Reputation: 4478
I'm struggling to come up with a vectorised solution to the following problem. I have two dataframes:
> people <- data.frame(name = c('Fred', 'Bob'), profession = c('Builder', 'Baker'))
> people
name profession
1 Fred Builder
2 Bob Baker
> allowed <- data.frame(name = c('Fred', 'Fred', 'Bob', 'Bob'), profession = c('Builder', 'Baker', 'Barman', 'Biker'))
> allowed
name profession
1 Fred Builder
2 Fred Baker
3 Bob Barman
4 Bob Biker
That is to say, I want to check every person in people has a permitted profession, and return any names which do not.
For instance, Fred can be a Builder or a Baker, and so he is fine. However, Bob can be a Barman or a Biker, but not a Baker (note: there are only ever two permitted professions in my use case).
I would like to a return a data frame those names which do not have a permitted profession:
name profession permitted
1 Bob Baker Biker
2 Bob Baker Barman
Thanks for the help
Upvotes: 0
Views: 104
Reputation: 49448
Here's a slightly more readable data.table
solution. You can do the last step on the same line as well to make it a one-liner, if you consider that readable.
# load library, convert people to a data.table and set a key
library(data.table)
people = data.table(people, key = "name,profession")
# compute
result = data.table(allowed, key = "name")[people[!allowed]]
setnames(result, "profession.1", "permitted")
result
# name profession permitted
#1: Bob Barman Baker
#2: Bob Biker Baker
Upvotes: 1
Reputation: 580
This is my take on it. May need some more testing though.I'd be open to suggestions myself. It works with your example but I am not sure if it would generalize.

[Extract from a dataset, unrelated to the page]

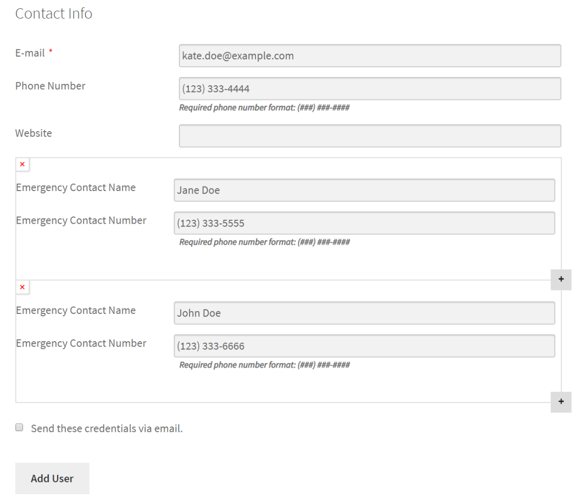 Profile Builder Pro’s Repeater Fields add-on allows you to add front-end repeater fields (or groups of fields) to your forms.

people$check <- ifelse(people$profession %in% allowed[which(allowed$name == people$name),"profession"], TRUE,FALSE)
people_select <- people[people$check == TRUE,]
EDIT: and just for clarification in case this is holding you back from voting. The ifelse is vectorized and will run very fast.
Upvotes: 0
Reputation: 6197
Probably there's another way, but this should work. I added a third person with an unpermitted profession to show you how to apply the function to the entire dataset.
currentprof <-structure(list(name = structure(c(2L, 1L, 3L), .Label = c("Bob",
"Fred", "Jan"), class = "factor"), profession = structure(c(3L,
2L, 1L), .Label = c("Analyst", "Baker", "Builder"), class = "factor")), .Names = c("name",
"profession"), class = "data.frame", row.names = c(NA, -3L))
allowed <- structure(list(name = structure(c(2L, 2L, 1L, 1L, 3L, 3L), .Label = c("Bob",
"Fred", "Jan"), class = "factor"), profession = structure(c(4L,
1L, 2L, 3L, 6L, 5L), .Label = c("Baker", "Barman", "Biker", "Builder",
"Driver", "Teacher"), class = "factor")), .Names = c("name",
"profession"), class = "data.frame", row.names = c(NA, -6L))
checkprof <- function(name){
allowedn <- allowed[allowed$name == name,]
currentprofn <- currentprof[currentprof$name==name,]
if(!currentprofn$profession %in% allowedn$profession)
{result <- merge(currentprofn, allowedn, by = "name", all.x=TRUE)} else
{result <-data.frame(col1=character(),
col2=character(),
col3=character(),
stringsAsFactors=FALSE)}
colnames(result) <- c("name","profession","permitted")
return(result)
}
do.call(rbind,lapply(levels(allowed$name),checkprof))
Upvotes: 0
Reputation: 57686
Simple base-only solution. I'm sure someone can come up with something better.
out <- allowed[!allowed$name %in% merge(people, allowed)$name, ]
This gets you the desired people, along with their permitted professions. If you also want their actual professions:
names(out)[2] <- "permitted"
out <- merge(people, out, all.y=TRUE)
Upvotes: 1